What propelled x86 past the RISC posse was its volume, more than anything else, which funded more R&D and enabled lower pricing. Intel's Itanium deal with HP put the first nail in the coffin of PA-RISC, which was one of the stronger players in the field. SGI made a string of famously bad business decisions and never really chased the internet server market, which took MIPS out of the running. Compaq bought DEC and sold off the CPU division to Intel, who subsequently killed off Alpha, consistently one of the fastest CPUs (if not the fastest) in its day.
That left Sun holding the bag, but Sun wasn't structured to compete with commodity computers, like x86, and was undercut on price. They even entered the x86 server market, but too late. Most people who wanted an x86 UNIX server were already buying them from x86 PC makers and running Linux on them. Then Oracle came in and bought Sun for its Java technology. Oracle milked the SPARC server market, but starved the CPUs of R&D funding, until they were finally killed a few years ago.

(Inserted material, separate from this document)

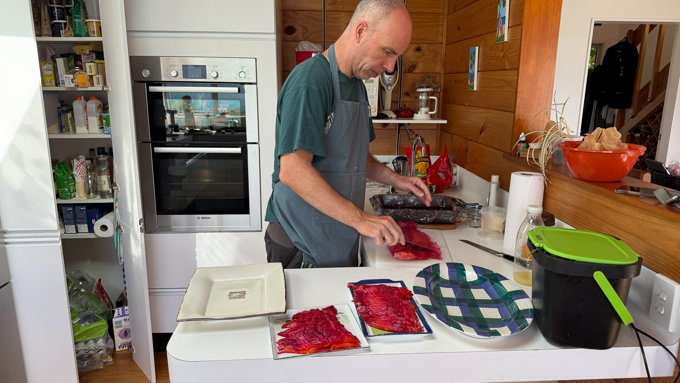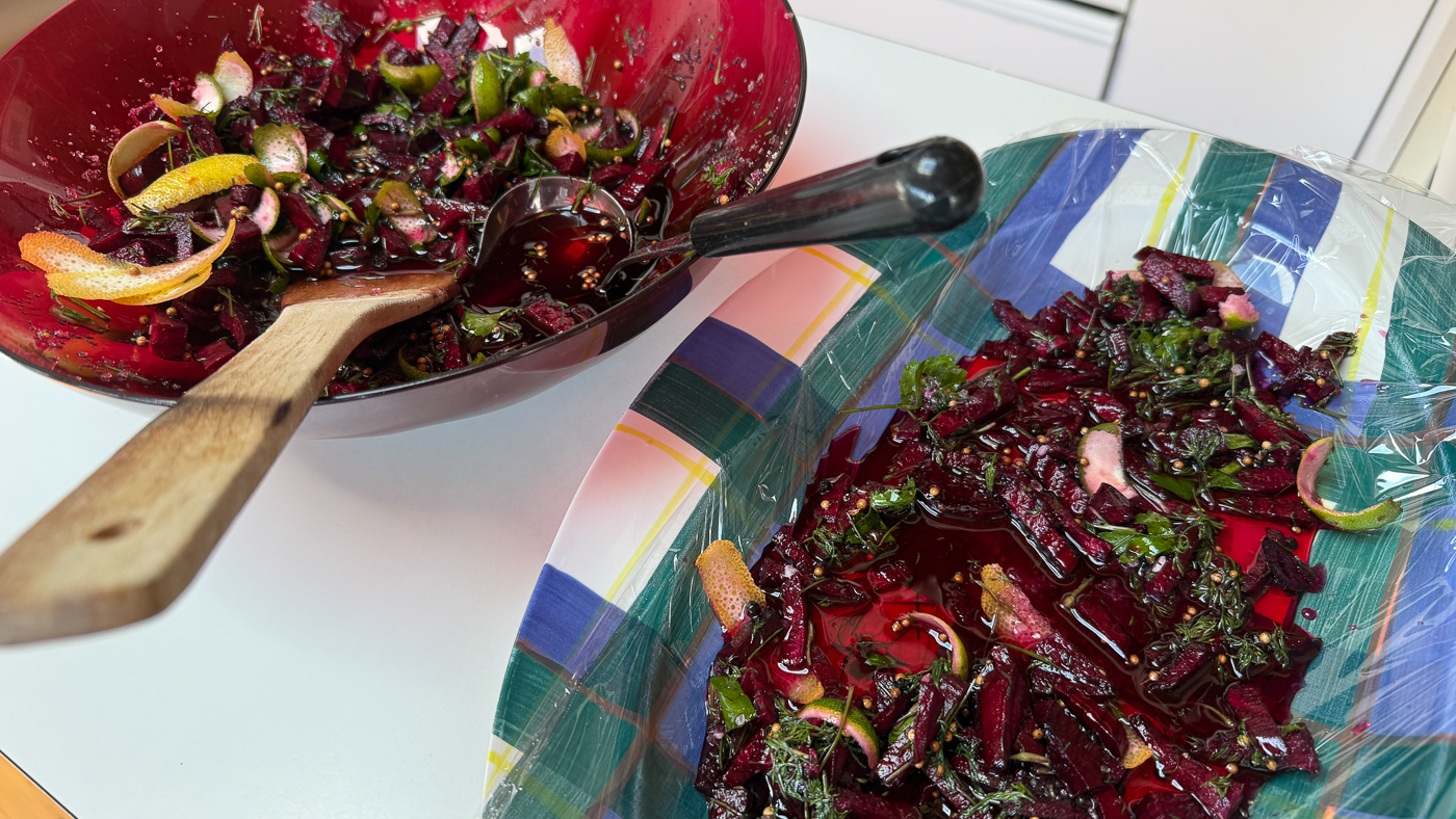 4. Noel approche alors on commence a cuisiner. Ici, la marinade pour le saumon.

The one thing it had nothing to do with was CISC vs. RISC. Internally, Intel CPUs, since the Pentium Pro have been a lot more RISC-like than CISC. And if CISC were so great, you ought to be able to point to other examples which remained competitive during the late 90's and beyond. But, you can't. -
TerryLaze
And where did I say that arm didn't happen?bit_user said:It's incorrect to say RISC "didn't happen". Actually, RISC CPUs powered the Internet revolution. Until the early 2000's, most internet servers were powered by SPARC, MIPS, PA-RISC, Alpha, or POWER - all RISC CPUs.
You are making stuff up in your brain again.
We were talking about arm destroying x86 and if that did happened for you then your mind is farther gone than I thought.
I don't need to point to other examples of cisc because the one example of cisc is completely predominate.bit_user said:The one thing it had nothing to do with was CISC vs. RISC. Internally, Intel CPUs, since the Pentium Pro have been a lot more RISC-like than CISC. And if CISC were so great, you ought to be able to point to other examples which remained competitive during the late 90's and beyond. But, you can't.
Whatever overtaking arm is going to do already happened and risc-v is only going to be an alternative for arm. -
bit_user
If we're talking about datacenters and web hosting, then RISC indeed took that ground from minicomputers (some of which were the most CISC machines ever created) and held it until the early 2000's.TerryLaze said:And where did I say that arm didn't happen?
You are making stuff up in your brain again.
We were talking about arm destroying x86
With only one example, you can't say whether it's because x86 is CISC or in spite of CISC that it has succeeded.TerryLaze said:I don't need to point to other examples of cisc because the one example of cisc is completely predominate.
Again, there have been a lot of CPU ISAs, since the 1980's. If CISC was so great, you'd really expect to see more examples of it popping up and/or sticking around, yet we haven't. -
Rogue Leader TerryLaze said:And where did I say that arm didn't happen?
You are making stuff up in your brain again.
We were talking about arm destroying x86 and if that did happened for you then your mind is farther gone than I thought.
This is not an official warning, just an advisory.... You are getting REALLY close to personally attacking him. We (the moderators) see this. I am suggesting you quit while you're ahead and stop anything in the future that seems like this.